YOUR GOAL: The answer is all of the data repeated exactly, with each picture omitted.

AVAILABLE DATA:
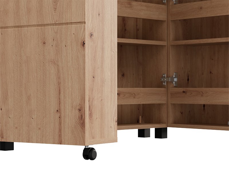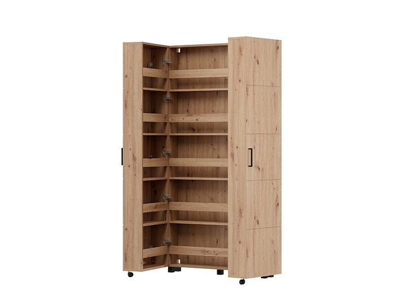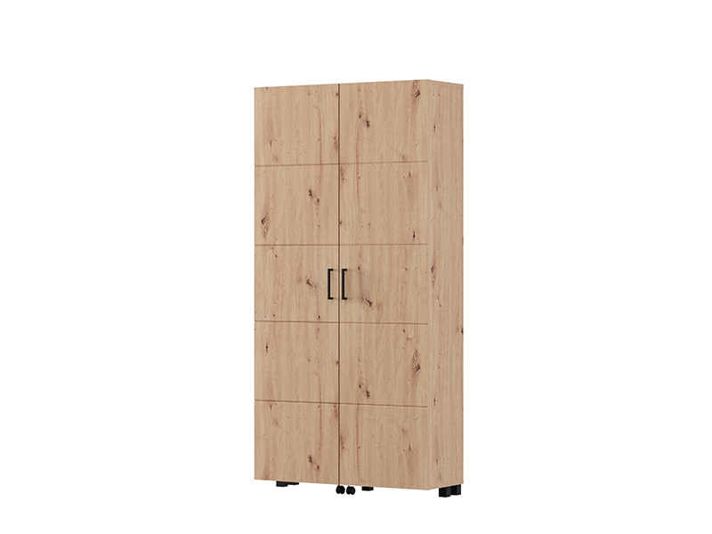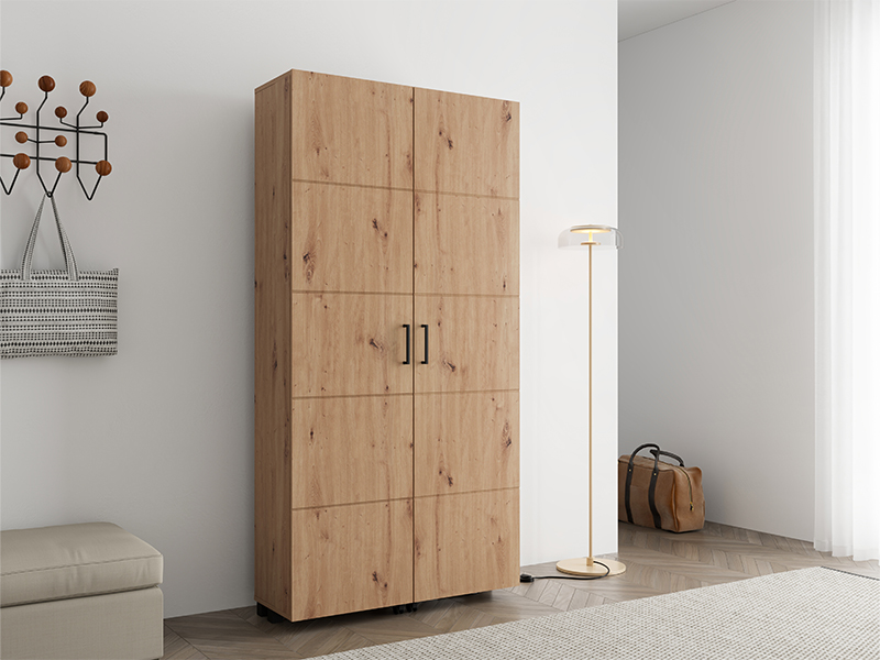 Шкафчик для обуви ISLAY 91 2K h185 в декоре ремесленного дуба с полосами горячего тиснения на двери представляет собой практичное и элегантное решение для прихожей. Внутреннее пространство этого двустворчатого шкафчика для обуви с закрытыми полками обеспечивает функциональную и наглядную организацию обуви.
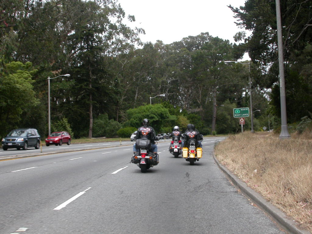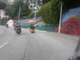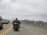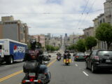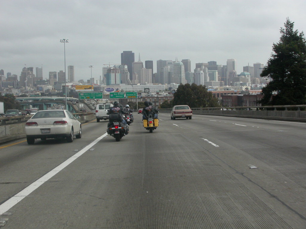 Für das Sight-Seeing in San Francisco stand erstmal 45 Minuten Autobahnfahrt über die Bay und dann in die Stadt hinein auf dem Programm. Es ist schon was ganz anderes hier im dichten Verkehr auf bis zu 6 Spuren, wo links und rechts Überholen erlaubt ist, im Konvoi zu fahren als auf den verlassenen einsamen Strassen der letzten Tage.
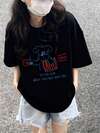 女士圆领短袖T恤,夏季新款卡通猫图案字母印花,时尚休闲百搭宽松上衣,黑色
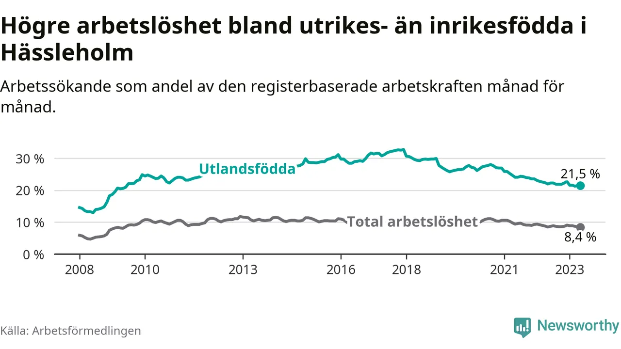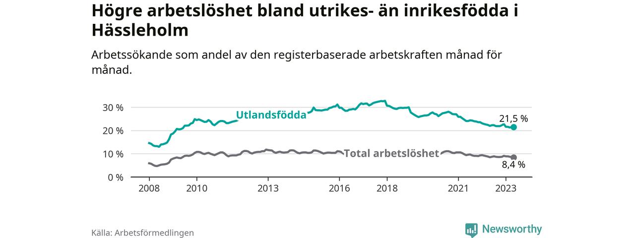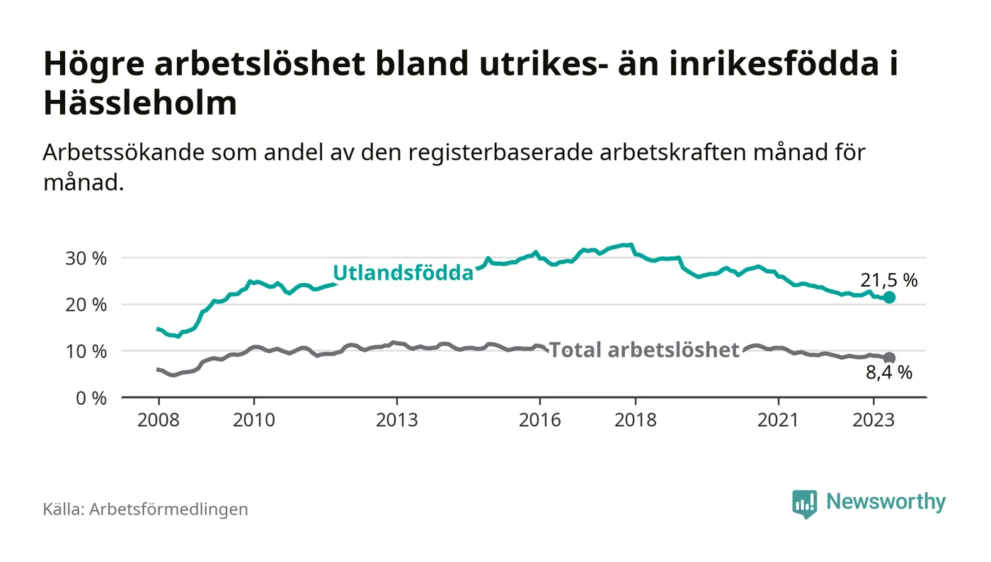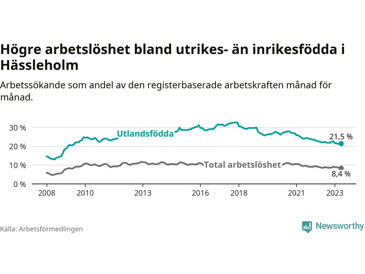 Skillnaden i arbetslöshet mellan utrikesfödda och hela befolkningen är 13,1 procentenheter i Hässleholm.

SOLUTION:
 Шкафчик для обуви ISLAY 91 2K h185 в декоре ремесленного дуба с полосами горячего тиснения на двери представляет собой практичное и элегантное решение для прихожей. Внутреннее пространство этого двустворчатого шкафчика для обуви с закрытыми полками обеспечивает функциональную и наглядную организацию обуви.
 Für das Sight-Seeing in San Francisco stand erstmal 45 Minuten Autobahnfahrt über die Bay und dann in die Stadt hinein auf dem Programm. Es ist schon was ganz anderes hier im dichten Verkehr auf bis zu 6 Spuren, wo links und rechts Überholen erlaubt ist, im Konvoi zu fahren als auf den verlassenen einsamen Strassen der letzten Tage.
 女士圆领短袖T恤,夏季新款卡通猫图案字母印花,时尚休闲百搭宽松上衣,黑色
 Skillnaden i arbetslöshet mellan utrikesfödda och hela befolkningen är 13,1 procentenheter i Hässleholm.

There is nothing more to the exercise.